Roughly 20% of Mastodon users never set a custom header — the default blank header isn't represented as a file, so header_file_name is legitimately NULL for them. After a tootctl accounts refresh, the field stays NULL because there is genuinely nothing to fetch. A script with OR header_file_name IS NULL will retry these accounts forever and never make progress.

Avatar is different — nearly all real users set one, so avatar_file_name IS NULL AND avatar_remote_url IS NOT NULL is a reliable "broken and fixable" signal.

The cron decision

If your weekly media-prune cron currently looks like:

bin/tootctl media remove --days=7 --concurrency=5
bin/tootctl media remove --prune-profiles --days=7 --concurrency=5
bin/tootctl media remove --remove-headers --days=7 --concurrency=5
bin/tootctl preview_cards remove --days=30 --concurrency=5

Consider deleting the middle two lines. The attachment prune is the real disk-saver (gigabytes per week on a busy instance).

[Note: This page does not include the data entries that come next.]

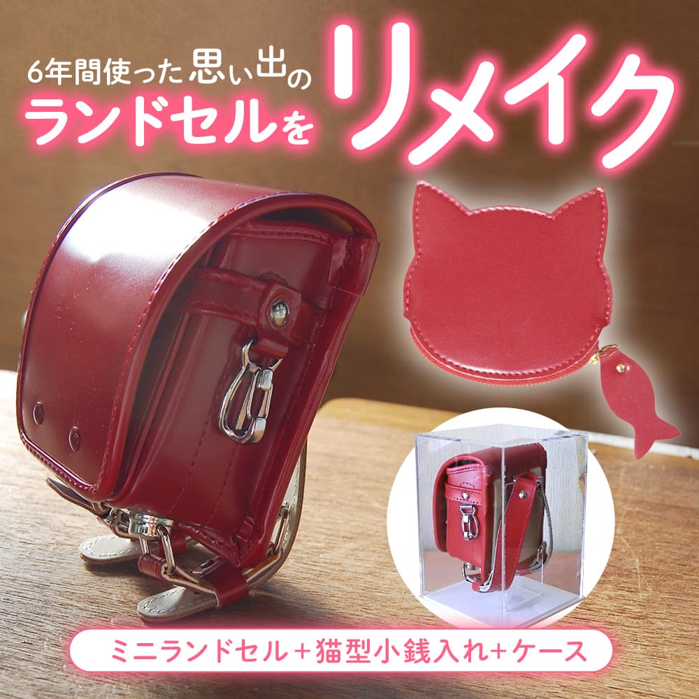 32年の実績 ランドセル リメイク【 往復 送料無料 】思い出の ミニランドセル ケース付 猫 小銭いれ セット 可愛い猫モチーフのコインケース付 卒業 記念 就職 祝い 結婚 プレゼント ミニチュア 工房 mini かわいいランドセル リサイズ ミニランドセル加工 アイピーシー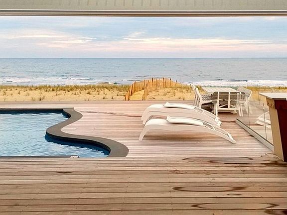This is a weekly rental. The 20,000 is an off season rate. See VRLBI listing #1123 for more information. Breathtaking, majestic and luxurious are just a few words to describe this exquisite nautical getaway, located in LEHYC s most coveted area. The southern end of Atlantic Ave. is where privacy and serenity co-exist and it is just a short walk or bike ride to all that Beach Haven has to offer: casual & fine dining, island shops, museums, live theatre and more. This property is hands down, the most spectacular oceanfront with almost every room enjoying distinct waterfront vistas beyond walls of glass. The superbly located horizon swimming pool feels like it's part of the home, when you walk through the interior you get a constant glimpse of the crystal blue water from the living areas. It gets better the pool/entertainment room off the main living area offers state of the art bifold doors that discreetly fold away to maximize the outdoor space and full-width Atlantic views. The pool living area flows to the impressive entertainer's deck complete with spa, mosaic accented pool, and all-glass rails, so you can delight in the sight and sound of the crashing waves as the backdrop. The living room, dining room, breakfast room and kitchen offer an open-plan living area, adorned with furnishings in airy white and nautical tones that are framed with - furniture quality wall and ceiling moldings. The kitchen is a gourmet chefs delight with thick Carrara quarts counters housing a farmhouse sink, 6 burner + grill Wolf stove with pot filler, 2 dishwashers (the best on the market), a sub-zero refrigerator, and a breakfast bar that seats 4. The top floor master is included in the 40k in-season rental and covers the north elevation. The graciously sized master suite boasts paneled architecturally detailed ceilings, enormous windows & glass sliders. Pass by the generous closets to the master bathroom, where the double vanity is adorned with more exquisite marble and the step-in rain room gleams behind frame-free glass enclosures. The master bath also offers a one-of-a-kind indoor/outdoor shower accented with pond stone, to enjoy the outdoors - with views of the ocean as you bathe. Down a level, another family room awaits with a covered deck and more spectacular views. Three ensuites, (two offering outdoor access to the pool and decks), two bunk rooms (share a full bath), plus a half bath that offers access to the deck and pool outside - complete this fabulous space. This will be the vacation of a lifetime, the sun, sand, and sea are all at the doorstep of 1001 S. Atlantic Ave. When you arrive the sparkling blue ocean views and beautiful beach areas greet you at this sought after retreat. Go for a dip in the pool or jump into the heated hot tub, and begin your vacation today. This is a weekly rental. See VRLBI listing #1123 for more information.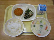 牛乳 ご飯 メンチカツ 秋の味覚シチュー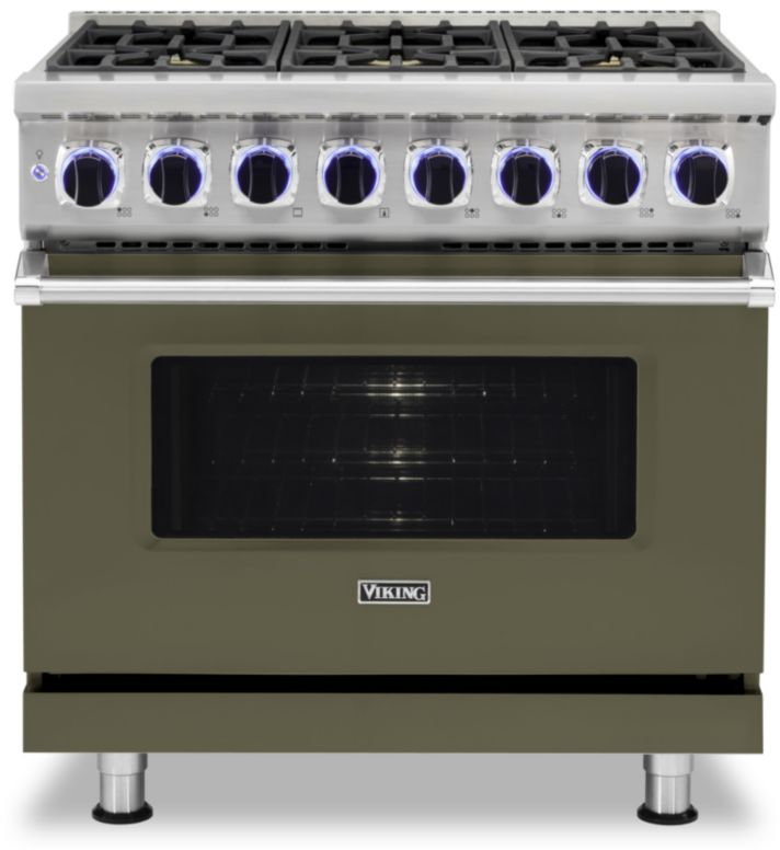 Freestanding Dual-Fuel Range with 6 Viking Elevation Sealed Burners, Vari-Speed Dual Flow Convection Oven, GourmetGlo Infrared Broiler, VariSimmer Setting, 12 Oven Cooking Modes, TruGlide Full Extension Racks and GentleClose Door: Martini, NG. Elevation Burners with brass flame ports boast 23,000 BTUs across the front of all width configurations, with multiple 15,000 BTUs and one 8,000 BTU burner across the rear. This convection system has the largest fan in the industry; the 8-1/2" two speed fan works bi-directionally for maximum airflow and excellent cooking results. This Viking exclusive infrared broiler provides intense heat to lock in savory juices. VariSimmer on ALL burners provides gentle, even simmering at precisely low cooking temperatures. The exclusive Preheat system provides one of the fastest preheat times - so your oven is ready to begin cooking when you are (right oven on 48"W. range). Enjoy 12 high-performance cooking modes: bake, convection bake, TruConvec Convection Cooking, convection roast, hi, med and low broil, convection broil, convection dehydrate, convection defrost, proof (left oven on 48"W. range), and self-clean. Largest self-clean oven in the industry has enough space to accommodate various size bakeware for multi-rack cooking. The BlackChrome knobs with CoolLit LED backlighting are pleasing to look at and nice to the touch as well. The ignition system ensures automatic ignition/re-ignition, should the burners extinguish at any time while cooking. TruGlide racks fully extend for safe and easy removal of heavy bakeware. The patented GentleCloose door slowly closes, ensuring delicate baked goods are not disturbed. Large Viewing Window. Porcelain Burner Pan. Removable Grates, Burner Caps & Knobs. Gas Requirements: Accepts Standard Residential 1/2" ID Gas Service Line. Gas Manifold Pressure - Natural Gas: 5.0" W.C.P. Gas Manifold Pressure - Liquid Propane: 10.0" W.C.P. Electrical Requirements: 240/208 VAC/60Hz. Max Amp Usage: 240V - 28.5 Amps / 208V - 24.7 Amps. Overall Width: 35-7/8". Overall Depth To End Of Side Panel: 25-1/4". Overall Depth To Front Of Door: 26-15/16". Overall Depth To End Of Door Handle: 30". Overall Height: 35-15/16" - 37-9/16". Additions To Base Height - Island Trim: Add 1". Additions To Base Height - Backguard: Add 10". Additions To Base Height - High Shelf: Add 24-1/8". Approx. Shipping Weight: 525.0 Lbs.
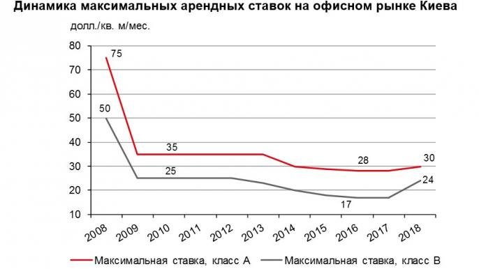 «Нехватка свободных офисных блоков вместе с быстрорастущим спросом привели к увеличению ставок аренды в обоих классах. Максимальная базовая месячная арендная ставка в классе А составила 30 долл. за кв. м в месяц (без учета НДС и операционных расходов), увеличившись за год на 2 долл., в классе В она достигла 24 долл. за кв. м, поднявшись с начала года на 7 долл. Мы ожидаем дальнейшего роста арендных ставок в 2019 году – на 3-6%», - прокомментировала аналитик компании JLL (Украина) Ульяна Марченко.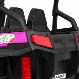 Die Sicherheit des Kindes wird durch verstellbare Gurte und einen belüfteten Kunstledersitz gewährleistet, der den Fahrkomfort erhöht. Zusätzlich ist das Fahrzeug mit LED-Scheinwerfern ausgestattet, die die Sichtbarkeit bei Nachtfahrten verbessern.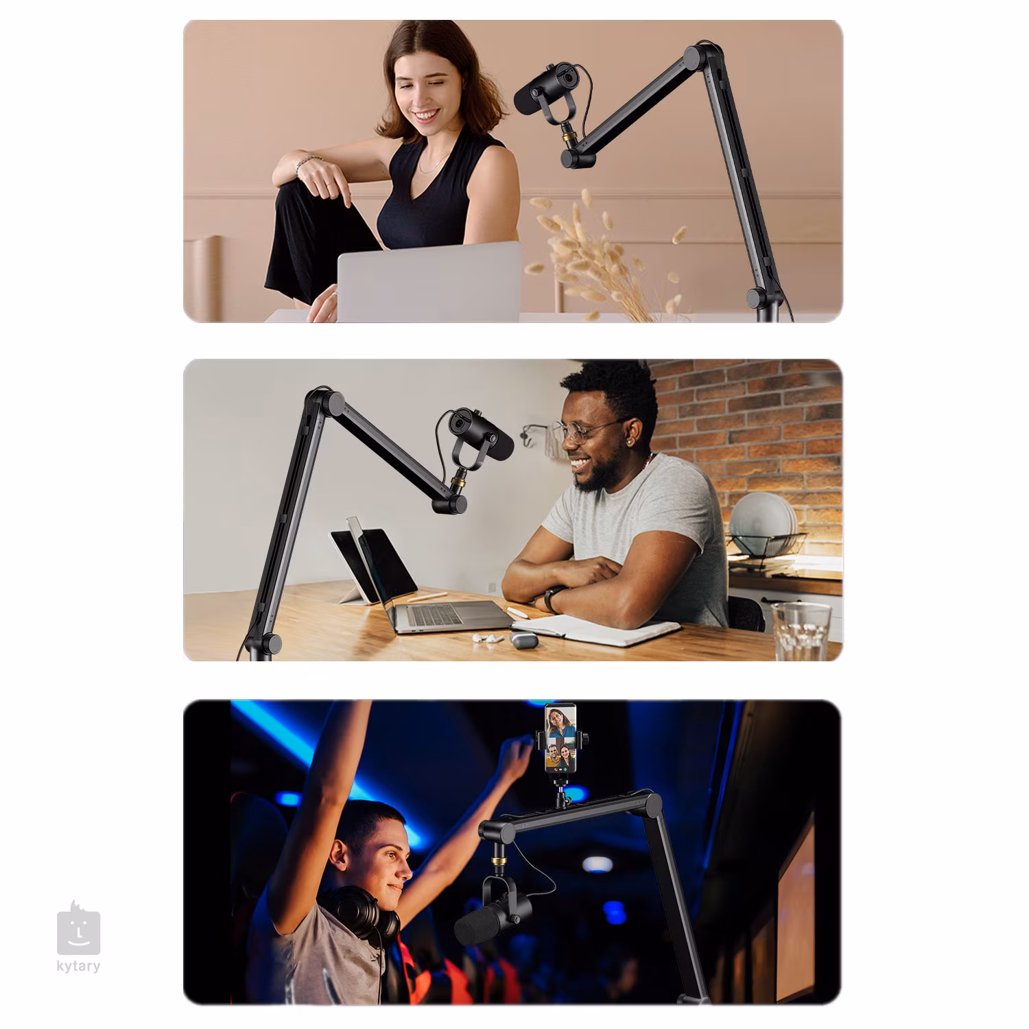 A kar széles körű kompatibilitást biztosít számos mikrofonnal. Egyáltalán nem számít, hogy egy alap mikrofonról vagy egy professzionális stúdiómikrofonról van szó. A kompatibilitás mindkét szabványos menettel biztosítja a gyors és egyszerű felszerelést. A szilikon rögzítőbetétek megvédik az asztalát a karcolásoktól, és minimalizálják az asztalról átvitt rezgéseket.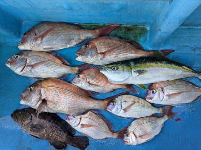 テンヤマダイに出船。マダイ0.2〜1.5キロを1〜7匹。マハタ、イナダ、カサゴ、ホウボウ、メバル、フグ混じった。低気圧のせいで波が高かったわりには外道、良型マダイともによく揚がりました。今後の予定は明日3月1日マタイ船空席多。7日土曜日マダイ船空席多。3月8日日曜日メバル船空席多…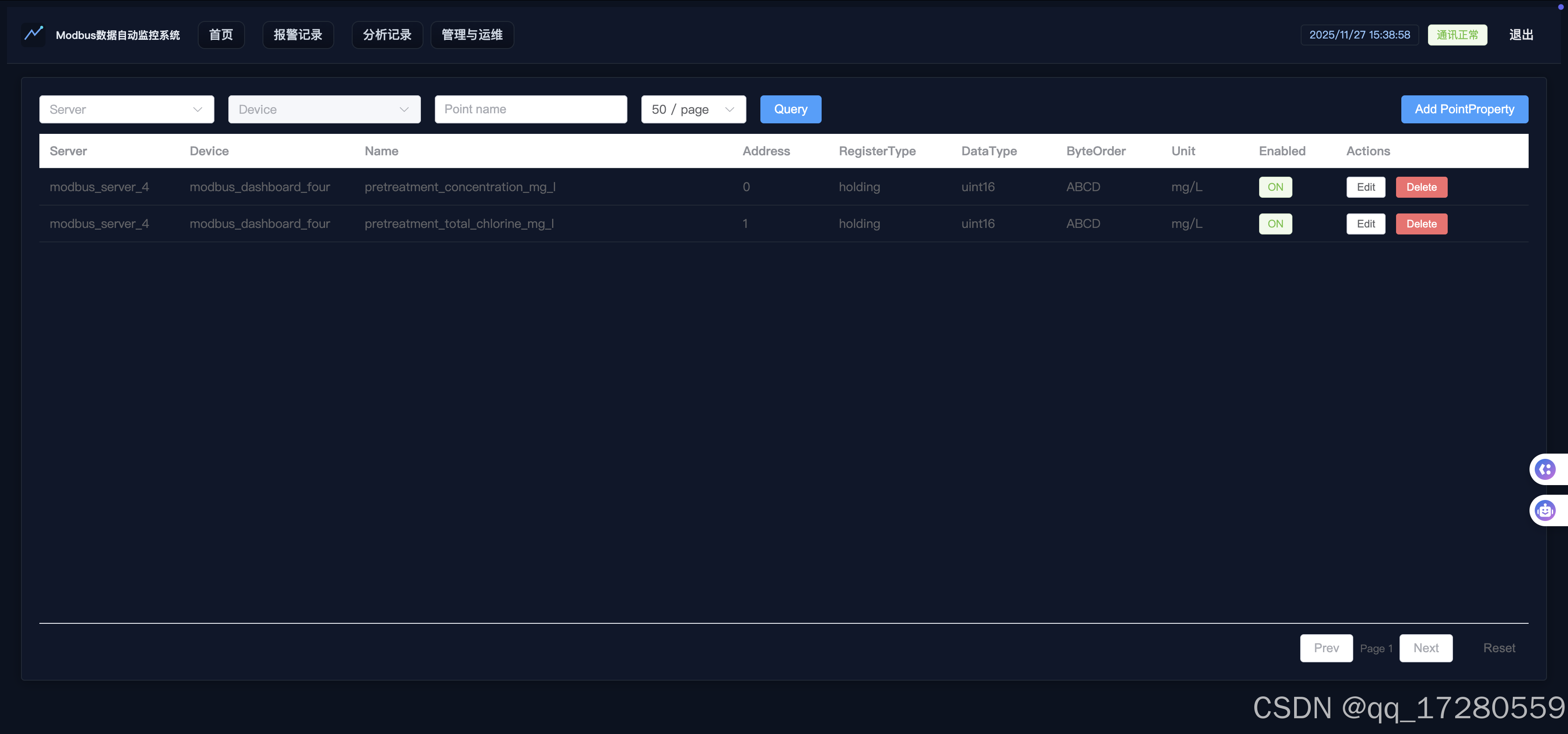 统一管理所有 Modbus 服务器(TCP 与 RTU),支持新增、编辑、启用/停用及运行状态查看。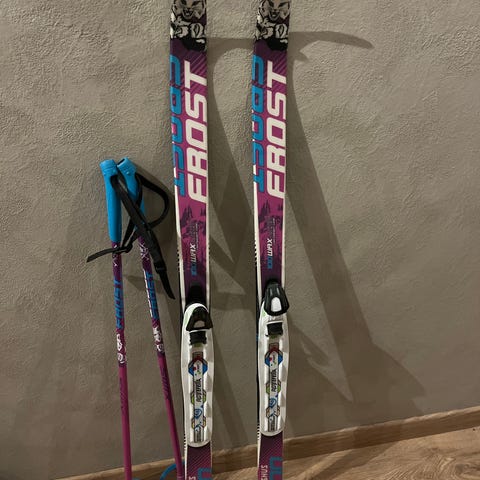 Madshus superkid smørefrie langrennski (100cm) med Rottefella NNN binding og Swix Frost staver (70cm).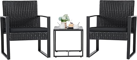 Flamaker 3 Pieces Patio Set Outdoor Wicker Furniture Sets Modern Rattan Chair Conversation Sets with Coffee Table for Yard and Bistro (Black)
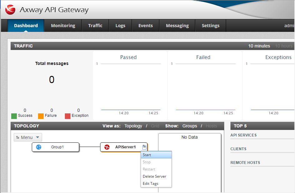 This works fine except for a known issue in that API Gateway Manager (8090) is unable to start/stop the instances via the browser (i.e. in the topology from the drop down on the instance object)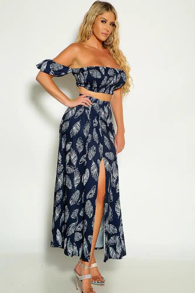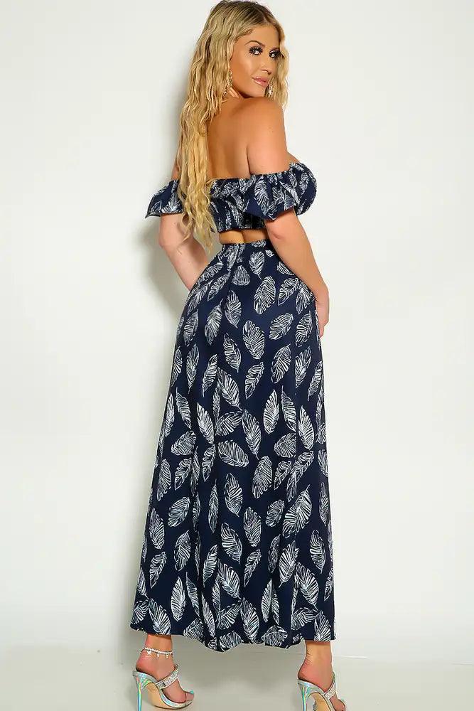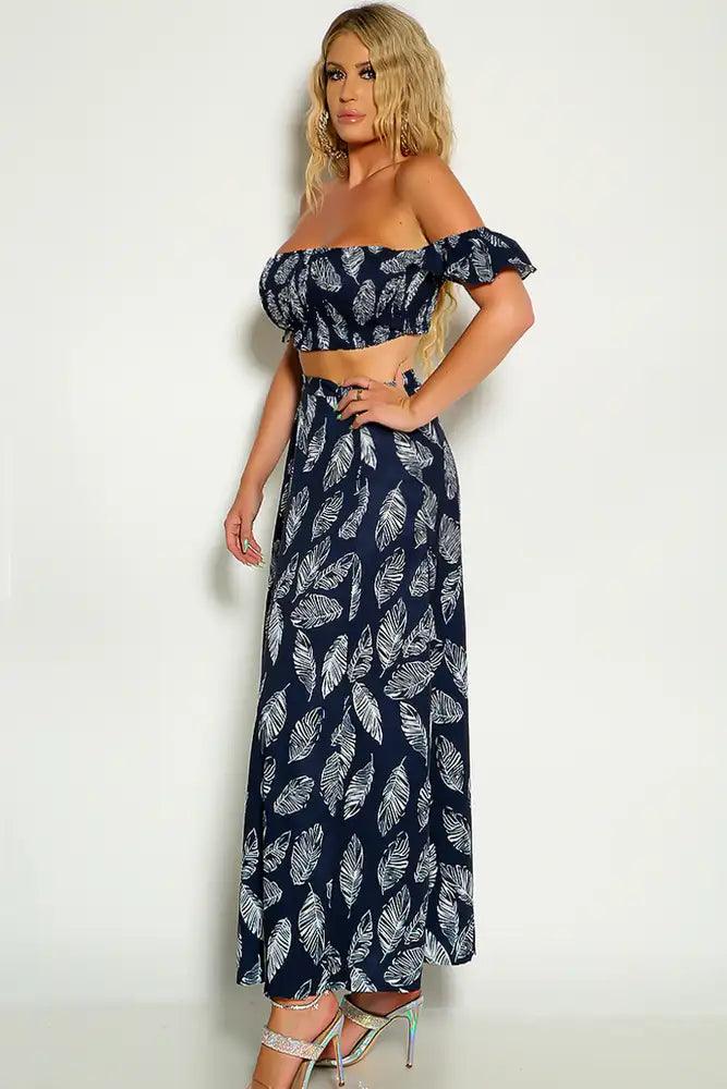 Navy White Off The Shoulder Cropped Maxi Two Piece Dress
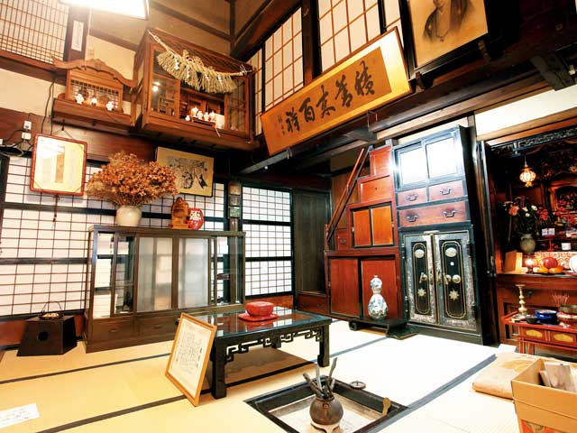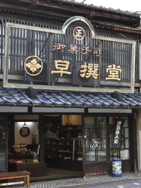 典型的な町屋づくりで、平成18年に国の登録有形文化財に指定された和菓子の老舗。店内には昔懐かしいお菓子の木型やケースが並び、和風でモダンな店内と調和した趣が感じられる。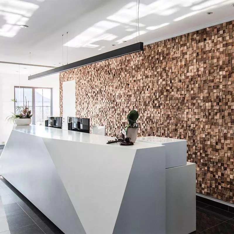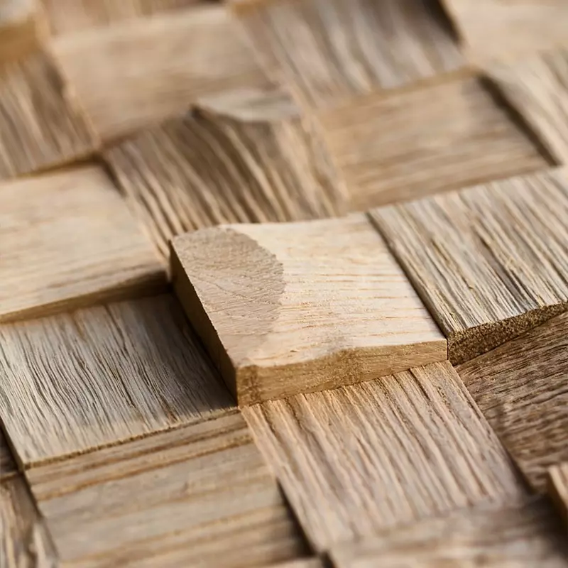 Fabriqué à partir d'essences de chêne locales ou recyclées, ce revêtement mural rend hommage à la beauté de l'environnement naturel tout en adoptant une approche durable.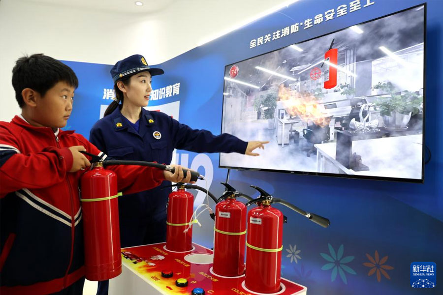 1/011月8日,在山東省濱州市陽信縣勞店鎮(zhèn)科普教育大廳,小朋友在消防救援隊(duì)員的指導(dǎo)下進(jìn)行模擬滅火訓(xùn)練。(新華社發(fā) 初寶瑞/攝)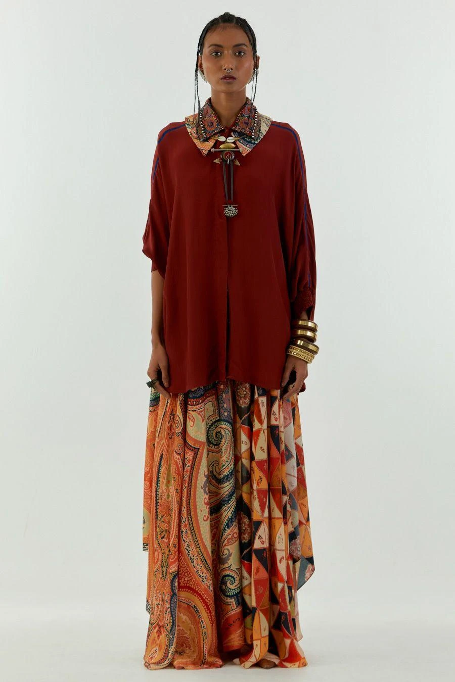 Maximise the life of your wardrobe with this exquisite shirt. Crafted in natural crepe, this mandala shirt features an embellished collar. Pair it with coordinating trousers from the collection to complete the set.

The avatar prune is small (~250 KB per remote account) and damages your UX. The header prune is even smaller and rarely worth it.

Stronger recommendation: after being bitten more than once, the safest policy is to disable automated profile/header pruning entirely — and reconsider scheduled tootctl accounts refresh --all, which re-fetches every profile and is destructive when uploads are failing at the time. Keep only a deliberate, occasional attachment prune if bucket size demands it. Pair that with a synthetic upload monitor (see Mastodon on S3 — Silent Upload Failures) so any future regression is caught in hours instead of by a user weeks later.

Edge cases

  • Origin-side 404: the actor object advertises an avatar URL, but the URL itself returns 404. Your local cache stays empty no matter how many times you refresh. Only the origin user can fix it (re-upload). The script above will keep retrying these on every run; if that bothers you, add a "tried within last N hours" filter.
  • Suspended accounts: tootctl accounts refresh returns OK on suspended accounts but does not download media. They'll stay broken, which is correct behavior.
  • Sidekiq backlog: the avatar fetch is queued as a Sidekiq job, not done synchronously. If your pull queue is deep, you'll see a delay between "OK" and the avatar actually appearing in the database.